I’m thrilled to sit down with Anand Naidu, our resident development expert with a wealth of knowledge in both frontend and backend technologies. Anand brings a unique perspective on coding languages, particularly Kotlin, and today we’re diving into the latest update to JetBrains’ AI agent development framework, Koog 0.4.0. This release introduces exciting features like native structured output, expanded platform support, and enhanced tools for building robust AI agents. Our conversation explores how these advancements streamline development, improve reliability, and open new possibilities for developers working with Kotlin. Let’s get started!
What can you tell us about the key features of Koog 0.4.0 and how they enhance the experience for developers building AI agents with Kotlin?
Koog 0.4.0 is a game-changer for Kotlin developers working on AI agents. It introduces native structured output to ensure consistent data formats from large language models, adds support for Apple’s iOS platform through Kotlin Multiplatform, and brings in compatibility with cutting-edge models like GPT-5. Additionally, features like OpenTelemetry integration and the RetryingLLMClient make agents more observable and resilient. These updates collectively make development smoother, more predictable, and adaptable to various environments, which is huge for anyone building production-ready AI solutions.
How does the native structured output in Koog 0.4.0 address the challenges developers face with large language models not delivering the expected data format?
Native structured output tackles a common pain point where LLMs sometimes fail to return data in the exact format a developer needs, which can break workflows. Koog 0.4.0 leverages models that support structured output natively when available, ensuring precision. When a model doesn’t support it, the framework falls back to a smart prompt-and-retry system paired with a fixing parser—often powered by a separate model—to reshape the output until it matches the required structure. This pragmatic approach with built-in guardrails saves developers from endless troubleshooting and keeps things running smoothly in production.
With Koog 0.4.0 supporting Apple’s iOS platform, what makes this significant for developers using Kotlin Multiplatform?
Supporting iOS is a massive step forward because it aligns with Kotlin Multiplatform’s promise of write-once, deploy-anywhere. Developers can now create a single AI agent and deploy it seamlessly across iOS, Android, and JVM backends without rewriting core logic.
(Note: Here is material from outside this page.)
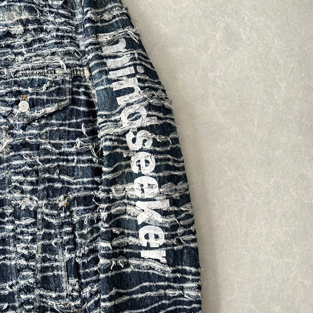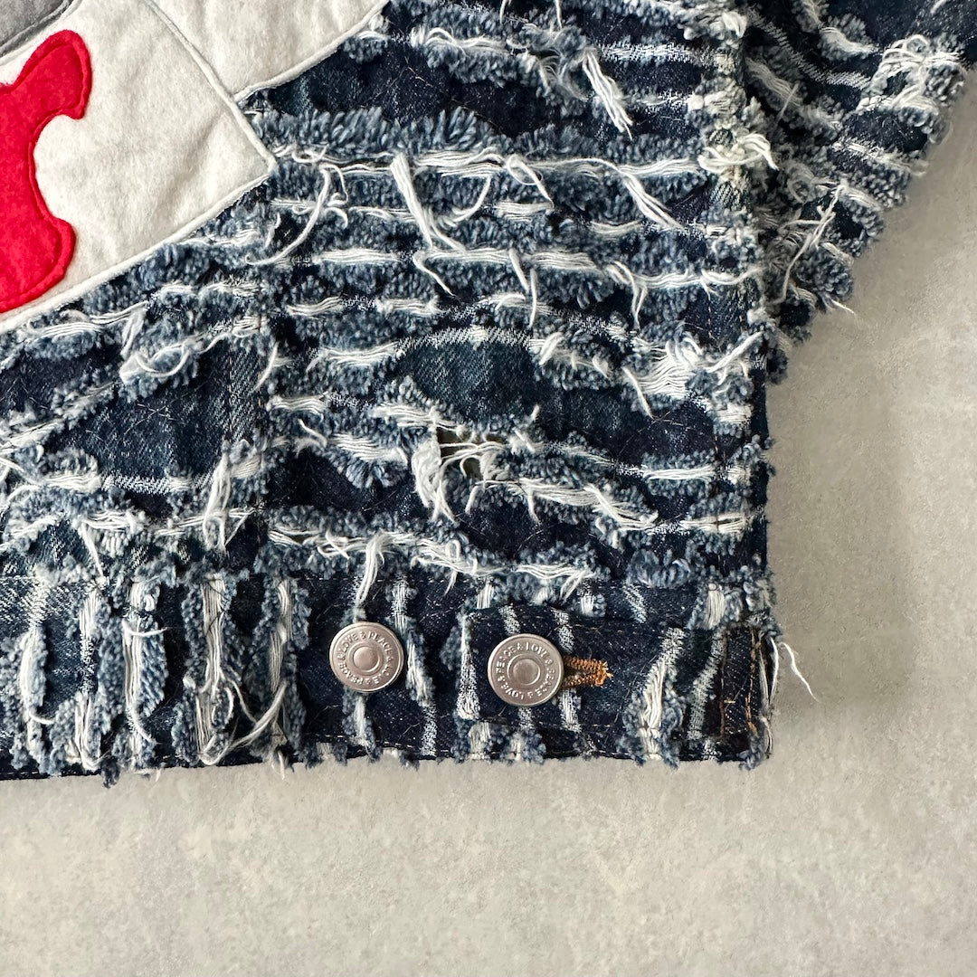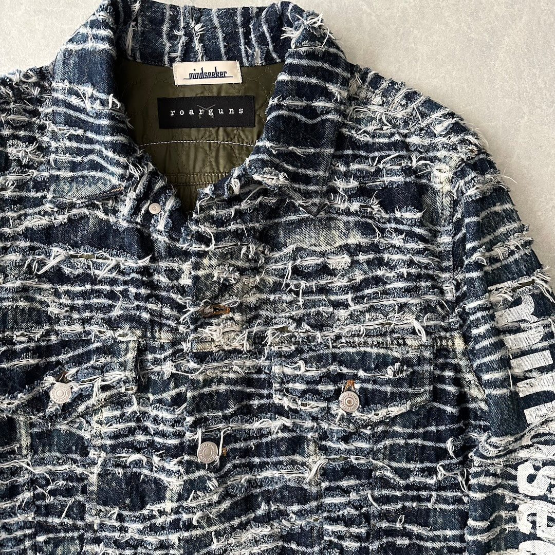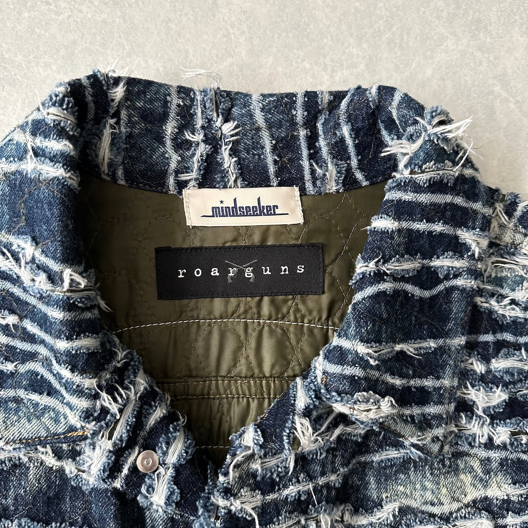 【mindseeker × roarguns】プリント キルティング デニム ジャケット ブルー L 古着 メンズ 古着男子 ブランド古着 パンク ロック 切りっぱなし ミリタリー

This cuts down development time and effort significantly, as the same strategy graphs, observability tools, and tests work across platforms. It’s a huge win for consistency and efficiency, though I’d note that for iOS specifically, developers need Koog 0.4.1 to build successfully, as there are some version-specific quirks to iron out.
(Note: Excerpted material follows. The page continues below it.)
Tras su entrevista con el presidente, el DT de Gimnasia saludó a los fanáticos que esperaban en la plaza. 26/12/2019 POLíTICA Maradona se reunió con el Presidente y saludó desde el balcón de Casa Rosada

Can you explain how Koog 0.4.0’s support for GPT-5 models improves the development process compared to working with older models?
GPT-5 support in Koog 0.4.0 brings developers access to a more advanced model with better reasoning capabilities, which is critical for complex tasks. What’s really neat is how Koog integrates custom parameters like reasoningEffort, allowing developers to tweak the balance between output quality, cost, and speed for each call. Compared to older models, this flexibility means you’re not stuck with one-size-fits-all performance—you can optimize for budget on simpler tasks or crank up the depth for intricate problems, making the whole process more efficient and tailored.
Let’s dive into the OpenTelemetry support in Koog 0.4.0. How does this feature help developers monitor and improve their AI agents?
OpenTelemetry support is a fantastic addition for observability. It integrates with tools like W&B Weave and Langfuse, letting developers track detailed metrics like token usage and cost per request. Beyond numbers, it also reveals nested agent events, which is crucial for debugging—seeing how different components interact helps pinpoint where things go wrong. For improvement, this transparency means you can analyze performance bottlenecks or cost spikes and tweak your agent’s design accordingly. It’s like having a dashboard into your AI’s inner workings, which is invaluable for refining production systems.
Koog 0.4.0 introduced the RetryingLLMClient with presets like Conservative, Production, and Aggressive. Can you walk us through why this matters for developers dealing with connectivity issues?
The RetryingLLMClient is all about resilience. When working with LLMs, you often run into timeouts, network hiccups, or tool failures, which can stall everything. This feature offers presets—Conservative for cautious retries, Production for a balanced approach, and Aggressive for persistent attempts—to handle those disruptions automatically. Developers can pick a preset based on their needs or even fine-tune retry settings for specific scenarios. It reduces manual intervention and keeps agents operational under flaky conditions, which is a lifesaver in real-world deployments where stability is key.
What is your forecast for the future of AI agent development with frameworks like Koog, especially in terms of platform support and model integration?
I’m really optimistic about where frameworks like Koog are headed. We’re likely to see even broader platform support, potentially extending to emerging ecosystems beyond iOS and Android, as cross-platform development becomes the norm. On the model integration front, I expect frameworks to keep pace with newer, more specialized LLMs, offering even finer control over parameters to balance cost and performance. Additionally, observability and reliability features will probably deepen, with more tools to monitor and optimize AI behavior in real-time. It’s an exciting time—developers will have more power and flexibility to build sophisticated, scalable AI agents without getting bogged down by technical limitations.